Judge for the 6th Judicial District of Oklahoma
- In office 1910–1910

Personal details
- Born: Jackson County, Alabama
- Political party: Democratic Party
- Education: Ouachita Baptist College Southern Normal University Southwestern University

= James R. Armstrong =

American judge (1876–1956)

James R. Armstrong (January 1876 – November 25, 1956) was an American judge who served on the Oklahoma Court of Criminal Appeals between 1910 and 1920.

==Biography==
James R. Armstrong was born in Jackson County, Alabama and attended Ouachita Baptist College, Southern Normal University, and Southwestern University.

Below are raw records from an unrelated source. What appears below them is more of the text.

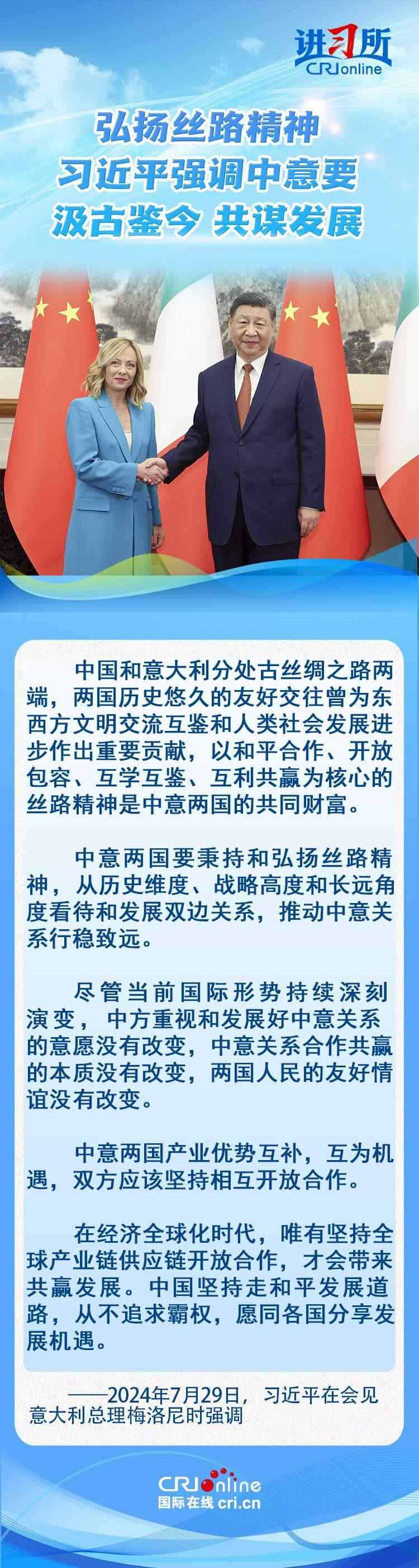 7月29日,中國(guó)國(guó)家主席習(xí)近平在北京會(huì)見(jiàn)來(lái)華進(jìn)行正式訪問(wèn)的意大利總理梅洛尼。習(xí)近平指出,今年是中意建立全面戰(zhàn)略伙伴關(guān)系20周年和馬可·波羅逝世700周年,雙方汲古鑒今、共謀發(fā)展面臨重要機(jī)遇。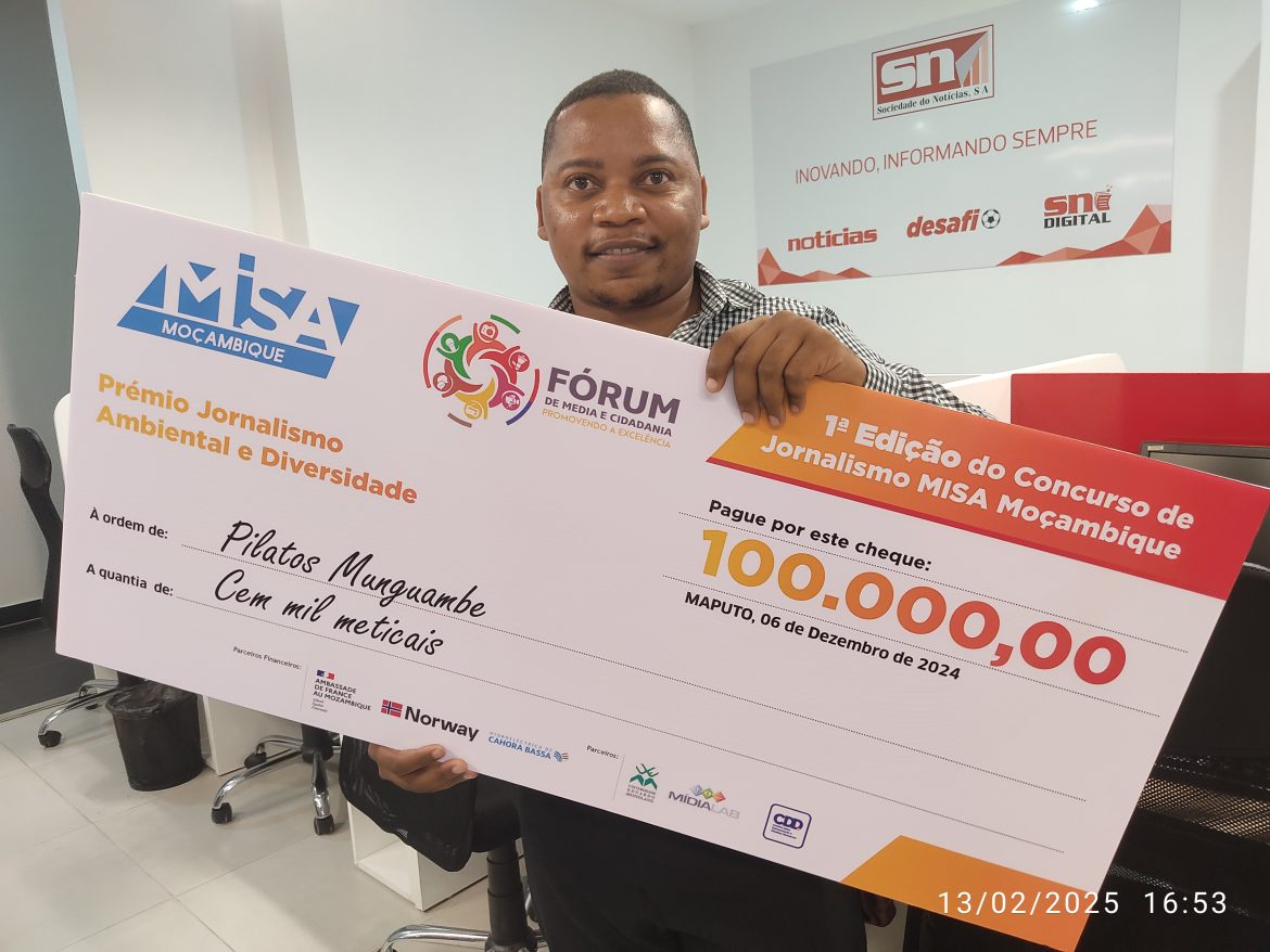 O jornalista do matutino Notícias Pilatos Munguambe venceu hoje o primeiro lugar da primeira edição do concurso de Jornalismo Ambiental e Diversidade.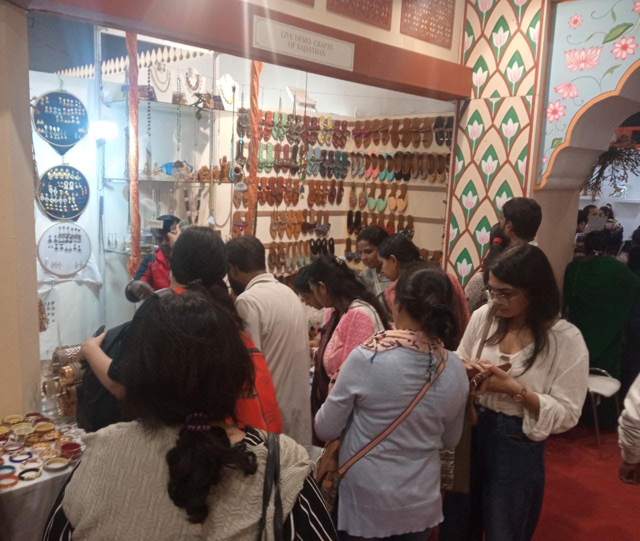 जयुपर। नई दिल्ली के प्रगति मैदान में चल रहे अन्तर्राष्ट्रीय व्यापार मेले में राजस्थान पवेलियन में सदाबहार राजस्थानी जूतियों एवं परम्परागत मोजड़ियों को दर्शकों द्वारा काफी पसंद किया जा रहा है।राजस्थान से आये जूतियों के एक निर्माता किशोर ने बताया कि राजस्थानी जूतियां विशेष कारीगरी के साथ चमड़े से बनाई जाती है।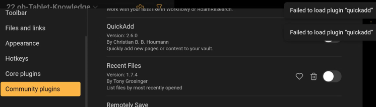 - 关闭/删除其他所有插件,单独启动quickadd——加载失败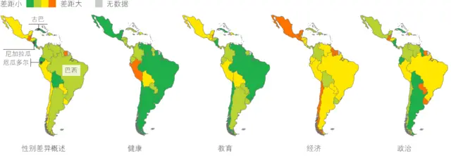 这一地区有性别差距最大的国家,但情况各有不同。
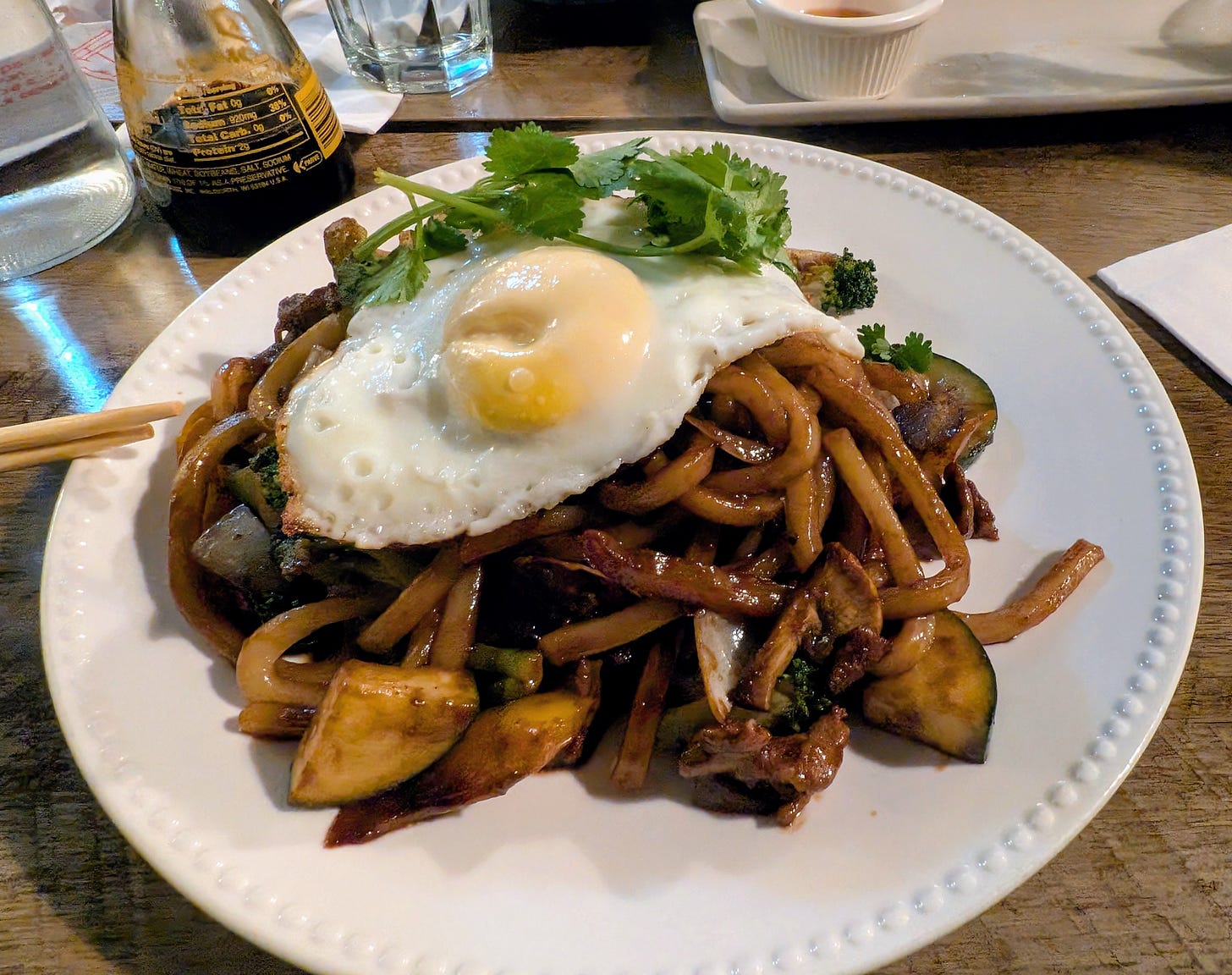 Luckily, we hadn’t eaten first, but it was time, so while our stomachs settled we jumped in another Uber and headed the 10 minutes north to try out the Korean restaurant BlackinGold. I ended up ordering the GoldInBlack Jajang, a Korean-style Chinese dish very popular in Korea and in Korean restaurants here in America. Their unique take on the dish allowed for an upgrade from rice to Udon noodles and I opted in on that. The dish also came with zucchini, sliced brussels sprouts, kabocha squash, diced sauteed white onion, and the whole dish was tossed with a savory black bean sauce and topped with (what was supposed to be) a poached egg (but was really more of an even better sunny side up hard fried egg) and garnished with some cilantro. While not traditional, this was a classic remade that was outstandingly done. I’d definitely go back whenever I’m in the area.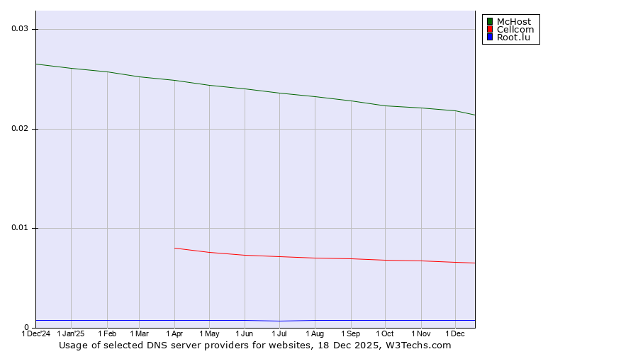TechnologiesContent ManagementServer-side Languages Client-side Languages JavaScript Libraries CSS Frameworks Web Servers Web Panels Operating Systems Web Hosting Data Centers Reverse Proxies DNS Servers Email Servers SSL Certificate Authorities Content Delivery Traffic Analysis Tools Advertising Networks Tag Managers Social Widgets Site Elements Structured Data Markup Languages Character Encodings Image File Formats Top Level Domains Server Locations Content Languages | Technologies > DNS Servers > Technology usage comparison Comparison of the usage statistics of McHost vs. Cellcom vs. Root.lu for websitesThis report shows the usage statistics of McHost vs. Cellcom vs. Root.lu as DNS server provider on the web. See technologies overview for explanations on the methodologies used in the surveys. Our reports are updated daily. UsageThis diagram shows the percentages of websites using the selected technologies. How to read the diagram: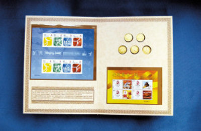 该册汇总收集了1980年我国发行的第一套奥运会和以后发行的奥运会主题邮票、小型张、小版张47枚。第二册收集了第29届奥运会吉祥物可流通纪念电话卡7枚;第一套和第二套可流通奥运纪念币5枚;以北京2008奥运会会徽为主票、赛项吉祥物造型为辅票的小版张5版计80枚;特别收藏第29届奥运会运动赛项图标不干胶小版张1版计8枚。如此丰富的珍贵藏品,充分诠释了“铭刻百年梦想,传承千载文明”的理念。

He was admitted to the Tennessee bar in 1901 and moved to Hugo, Oklahoma (then-Indian Territory) in 1904. He supported the admission of one state instead of two during statehood talks. He was appointed to the Sixth Judicial District covering Choctaw County in 1910 and later that year was elected to the first Oklahoma Court of Criminal Appeals. He served on the court until 1920.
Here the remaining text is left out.